The white voters who once talked Prog, voted UP and were grateful for a zero-tolerant Nat government have evaporated. Some Nats have pupated and cast aside their dull brown husks, like Marthinus van Schalkwyk, to emerge all plump, fresh and moist, spreading iridescent ANC-hued wings. When there's a political sea-change, some movers and shakers adapt faster than you can cross a floor. Take that old warhorse Jannie Momberg; he's like the Vicar of Bray, having sincerely survived several reigns. From apartheid he lived through Mandela's brief shining Camelot, into the present era with all its impenetrability.
Others proved indispensable, like the Spooks and everyone in the armaments industry. Raven-haired, unlined Bill Venter of Altron is doing ever so well these days, ageing at a much slower pace than his charming "ex", social butterfly Edith.

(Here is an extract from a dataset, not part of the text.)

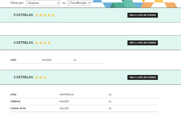 Receberam 3 estrelas, classificação correspondente a “Bom”, os cursos da UFAL (Campus Arapiraca), do Cesmac (Maceió) e da Unima Afya (Maceió).
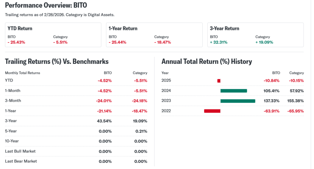 Catalysts: Bitcoin halving effects linger; ETF approvals boost flows. Regulatory clarity under current admin aids crypto. These drove past highs but recent BTC dips hit BITO hard.

In the struggle, Jeremy Cronin wrote moving prison poems - and he never grovelled. Today he grovels. What did irascible, brash, Rolex-flashing tabloid journo David Barritt do in the battle to make the world safe for Thabocracy? He drafted speeches for Lucas Mangope (which had to be vetted first by Sol K). What does suave Dave do now? Why, he serves as Spindoctor-in-Chief for Saki Macozoma and his Safika comrades.

I have it direct from onse Charlize in Hollywood that she has NOT been signed to play Anneline Kriel opposite Joe Pesci in "The Sol Kerzner Story," with Rod Stewart as himself. Pity. In the Struggle, Sol was striking sweet deals and scalping dictators in ethnic enclaves on both banks of the River Kei. In the last 10 years he hasn't learned any new tricks - now he's giving a close haircut to the Mohegans and possibly their Midwest cousins the Mohicans.

Then there was Craigie, the Fat White Spook; a decorated undercover soldier in the titanic crusade to keep the world safe from the likes of Jeremy Cronin. He used to blow people up with letter bombs. Now Mrs Williamson's little boy helps his aged parent with the shopping, moving his slow thighs toward the Rosebank Butchery on a Saturday morning.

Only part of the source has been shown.